I wrote a meta point script that updates whenever there is a "context update:"
return gallons.value - gallons.ago(MINUTE, 1) // gallons per minute, but lots of quantization noise and fixed time window return 1/((gallons.value.time - gallons.ago(SAMPLE, 1).time)/(1000*60)) // gallons per minute based on pulse interval rather than number of pulses, but SAMPLE is undefined
The problem with ago() is that the flow rate is low, so the returned value has a lot of quantization noise, and will falsely report 0 if no change occurred in the last minute. If I increase the time window, then the returned value changes too slowly. It would be better to evaluate when the previous change occurred, and divide by the elapsed time. StartsAndRuntimeList object does not work for analog points; only multi-state or binary point types. I could create a binary change event, then use the StartsAndRuntimeList object to get the time stamps. Where can I find more examples of StartsAndRuntimeList uses?

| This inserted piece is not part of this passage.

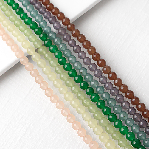 - 싼비즈 [5623-01]원석 라운드 천연옥 착색 4mm 그린 ,반줄(약40개)

There are other applications for which I need values and time stamps for analog values record times based on sample number rather than a fixed time window, such as calculating derivatives, integrals, decimation, etc. However, all the analog functions seem to refer to a defined time window rather than x samples ago, and are not supported by StartsAndRuntimeList:
return pump.past(MINUTE, 2).get(true).proportion; // legal, but fixed time window returns 2 minute average duty cycle rather than the last cycle's exact duty cycle. return pump.past(SAMPLE, 2).get(true).proportion; // variable time window adjusts size to reflect only most recent events, but "SAMPLE" is illegal // Below is for derivatives (dV/dt) or integrals (V*dt) return volts.ago(SAMPLE, 1) - volts.ago(SAMPLE, 2) // delta V of the previous two samples (illegal) return volts.ago(SAMPLE, 1).time - volts.ago(SAMPLE, 2).time // delta t of the previous two samples (illegal)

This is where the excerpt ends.